■ INSTRUCTIONS FOR THE TASK: Exactly the lines from the one with "欧元/美元从1.0333低点反弹" through the final line of the entries, and nothing else, should appear in the answer; no pictures go in it.
--- THE RECORDS ---
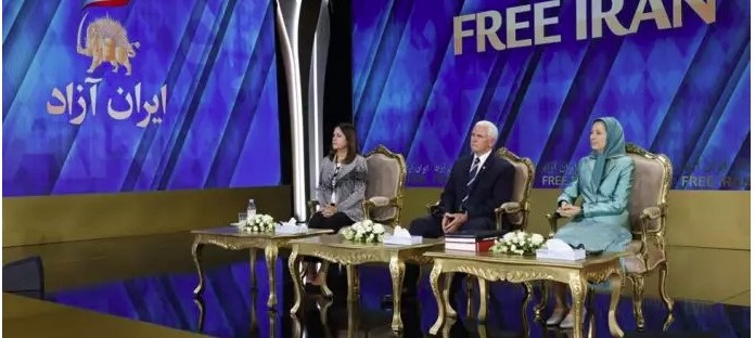 پنس با مریم رجوی رئیس جمهور منتخب شورای ملی مقاومت ایران و با کسانی که در این کشور از نقض حقوقبشر رنج میبرند ملاقات و سپس در جمع فعالان سخنرانی کرد و مبارزات آنها را ستود و به آنها گفت که مردم آمریکا در کنار آرمان آنها ایستادهاند. او در همین حال به خروج از برجام توسط دولت ترامپ در سال۲۰۱۸ نیز اشاره کرد.
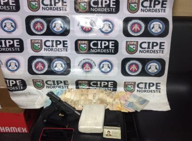 Pasta base de cocaína e pistola apreendidas em Feira de Santana
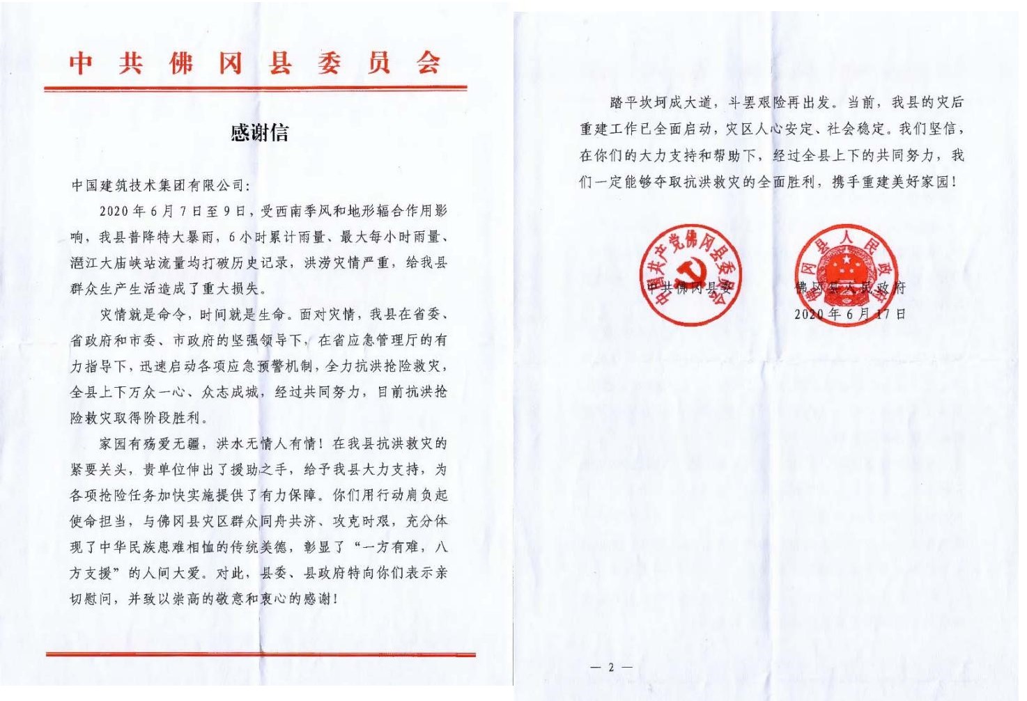 6月17日、6月23日第六工程分公司清遠恒大御泉四季花園總承包項目部及第六工程分公司黨支部接連收到了清遠市中共佛岡縣委、佛岡縣人民政府、中共洛洞村總支部委員會的感謝信,感謝信內容主要是針對中技集團清遠恒大御泉四季花園總承包項目部及第六工程分公司黨支部在6月7日至6月9日清遠市佛岡縣發生的50年一遇的洪災中做出的巨大貢獻表示真誠的感謝。?
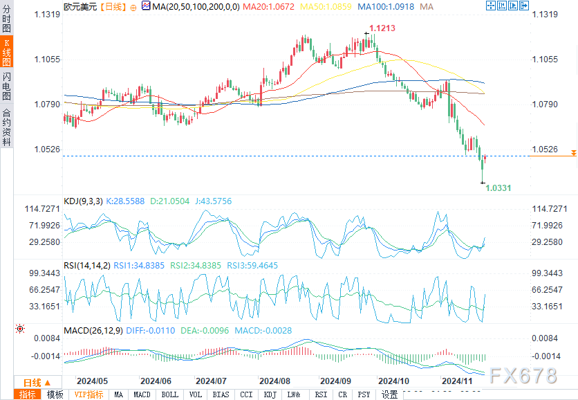 欧元/美元从1.0333低点反弹
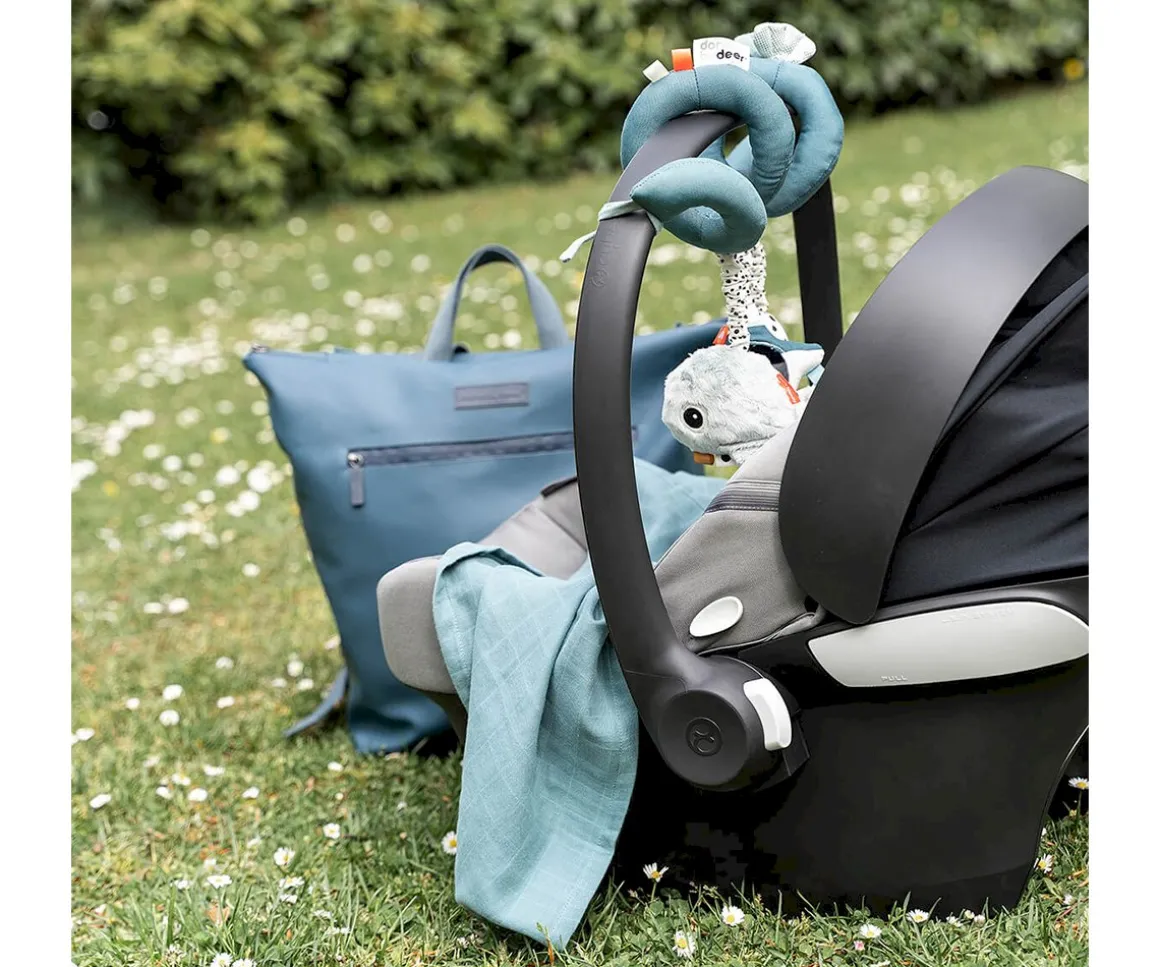 Espiral flexible que puedes sujetar a la cuna, asiento del coche, cochecito o en el lado del parque de juegos. Podrá interactuar y descubrir los sonidos con la bonita medusa Jelly, la dulce ballena Wally y con el divertido espejito en forma de estrella.
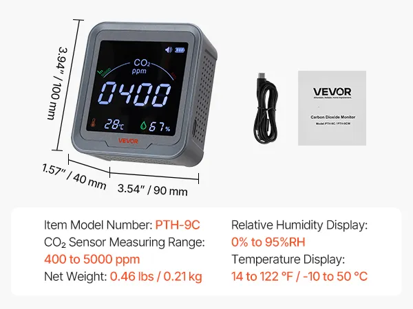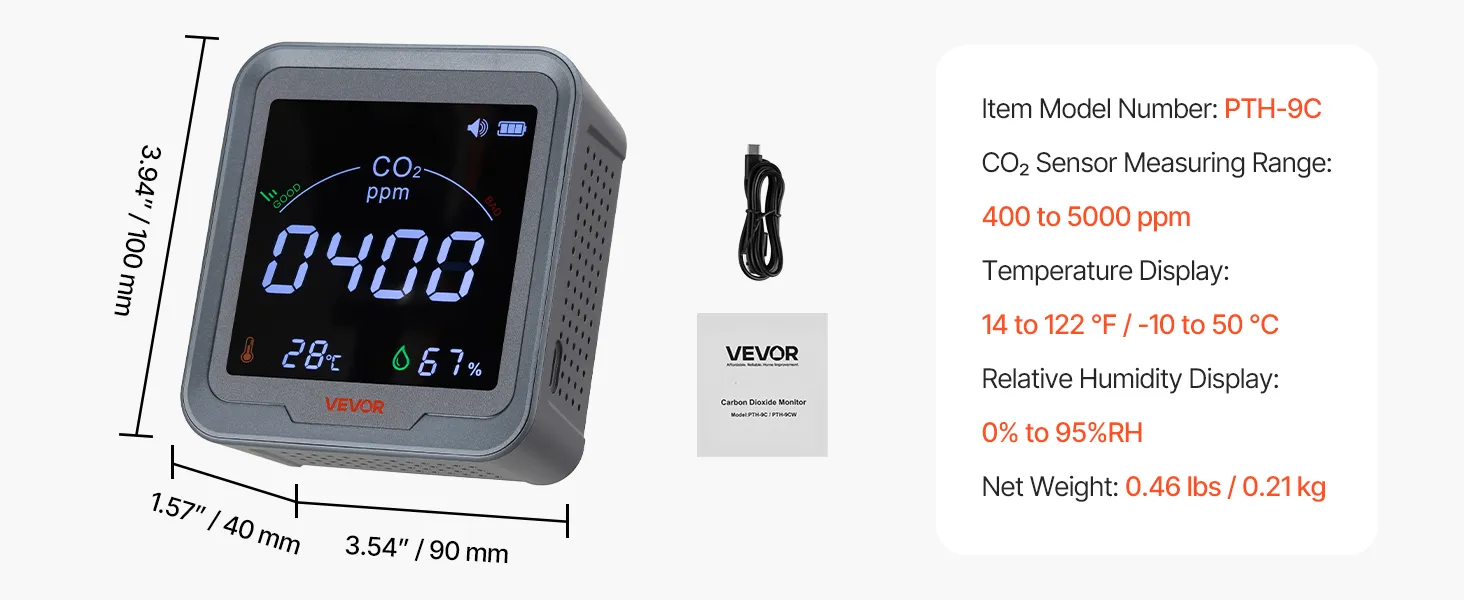 VEVOR Monitor de Dióxido de Carbono, en Tiempo Real, con Pantalla de Temperatura y Humedad, Sensor NDIR de 4,5 m, para Mesita de Noche, Hogar, Oficina, Coche, Ligero y Portátil, 90 x 40 x 100 mm
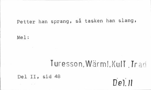 //// Petter han sprang, så tasken han slang» Mel: //// Turesson. Wärml.KulT .Trad //// Del II, sid 48 //// Del II ////
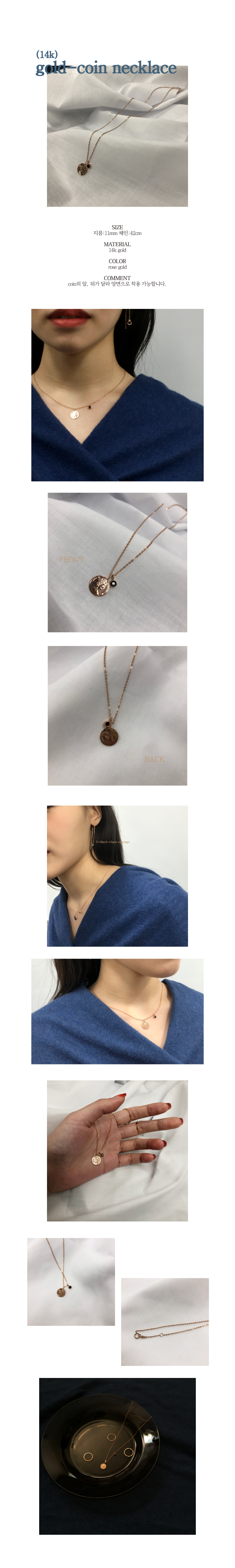 [gold 14k+Onyx] gold-coin necklace
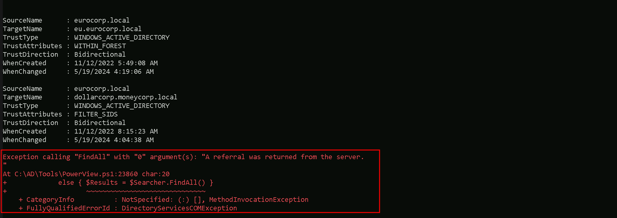 Notice the error above. It occurred because PowerView attempted to list trusts even for
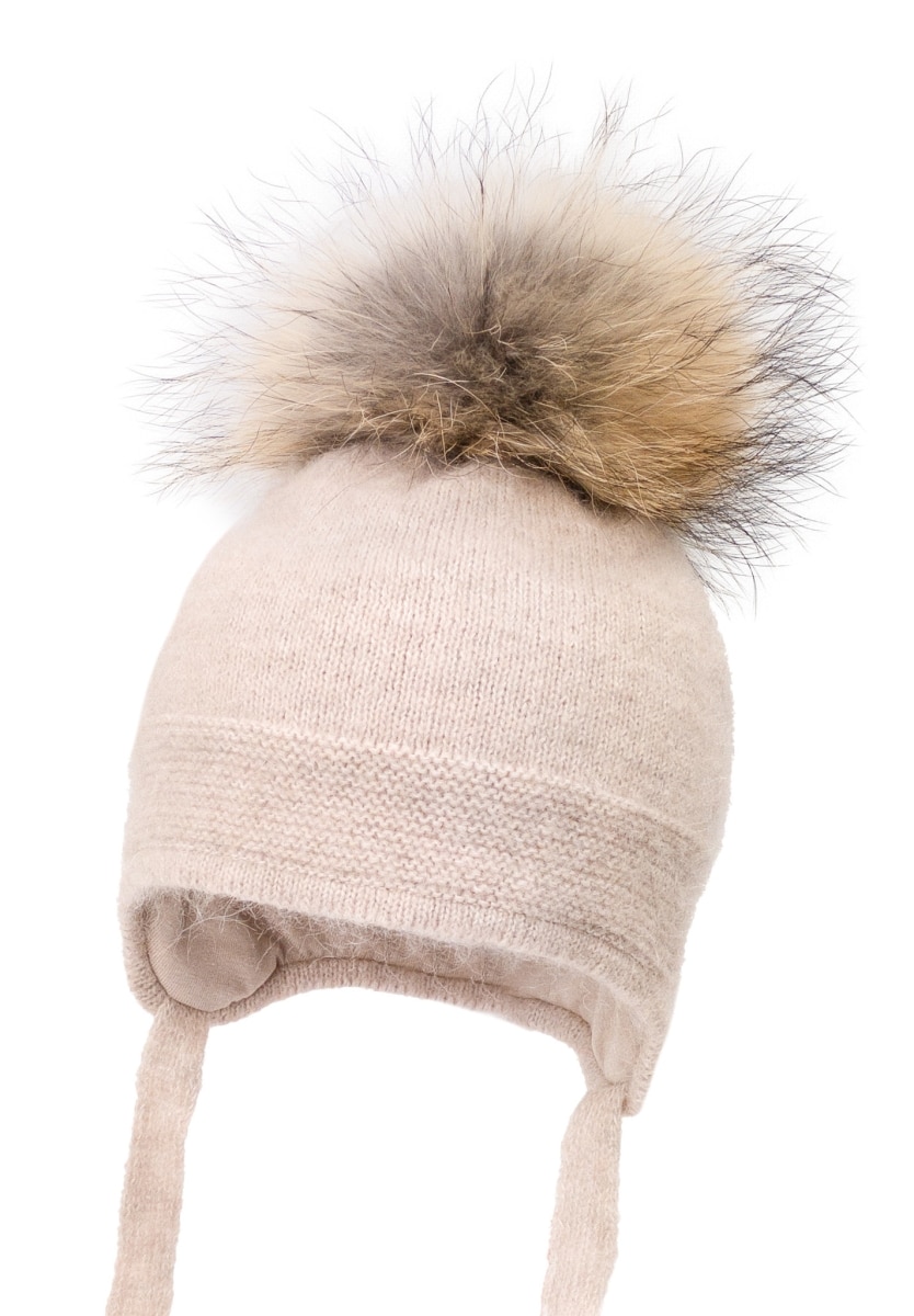 TOP: 50%alpaca, 50%polyamide Lining: 95%cotton, 5%elastane Pompon: raccoon fur
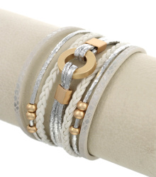 Metal Circle Multi Strand Leatherette Band Bracelet
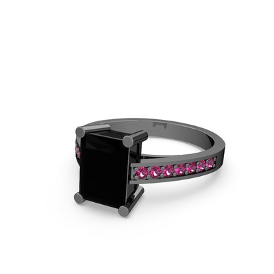 Siyah zirkon ve rodolit garnet 925 ayar siyah rodyum kaplama gümüş yüzük
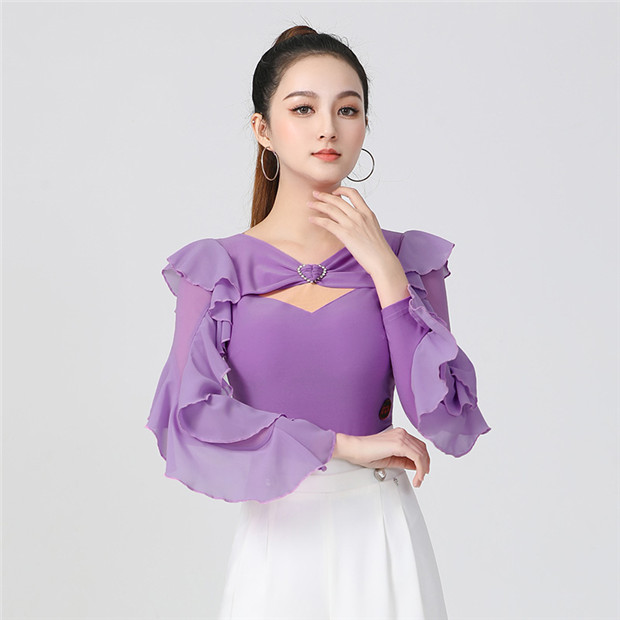 バレエ練習着 大人用 トップス レディース 社交ダンス ダンスウェア ラテン フリル ダンストップス 袖あり 女性 社交ダンス衣装 上着 競技着 モダン ダンス衣装 上着 ダンス 社交 練習着 ワルツ チャチャチャ レッスン着 ステージ 衣装 演出着 dm565c0c0la
---
■ PROBLEM SOLUTION:
 欧元/美元从1.0333低点反弹
 Espiral flexible que puedes sujetar a la cuna, asiento del coche, cochecito o en el lado del parque de juegos. Podrá interactuar y descubrir los sonidos con la bonita medusa Jelly, la dulce ballena Wally y con el divertido espejito en forma de estrella.
 VEVOR Monitor de Dióxido de Carbono, en Tiempo Real, con Pantalla de Temperatura y Humedad, Sensor NDIR de 4,5 m, para Mesita de Noche, Hogar, Oficina, Coche, Ligero y Portátil, 90 x 40 x 100 mm
 //// Petter han sprang, så tasken han slang» Mel: //// Turesson. Wärml.KulT .Trad //// Del II, sid 48 //// Del II ////
 [gold 14k+Onyx] gold-coin necklace
 Notice the error above. It occurred because PowerView attempted to list trusts even for
 TOP: 50%alpaca, 50%polyamide Lining: 95%cotton, 5%elastane Pompon: raccoon fur
 Metal Circle Multi Strand Leatherette Band Bracelet
 Siyah zirkon ve rodolit garnet 925 ayar siyah rodyum kaplama gümüş yüzük
 バレエ練習着 大人用 トップス レディース 社交ダンス ダンスウェア ラテン フリル ダンストップス 袖あり 女性 社交ダンス衣装 上着 競技着 モダン ダンス衣装 上着 ダンス 社交 練習着 ワルツ チャチャチャ レッスン着 ステージ 衣装 演出着 dm565c0c0la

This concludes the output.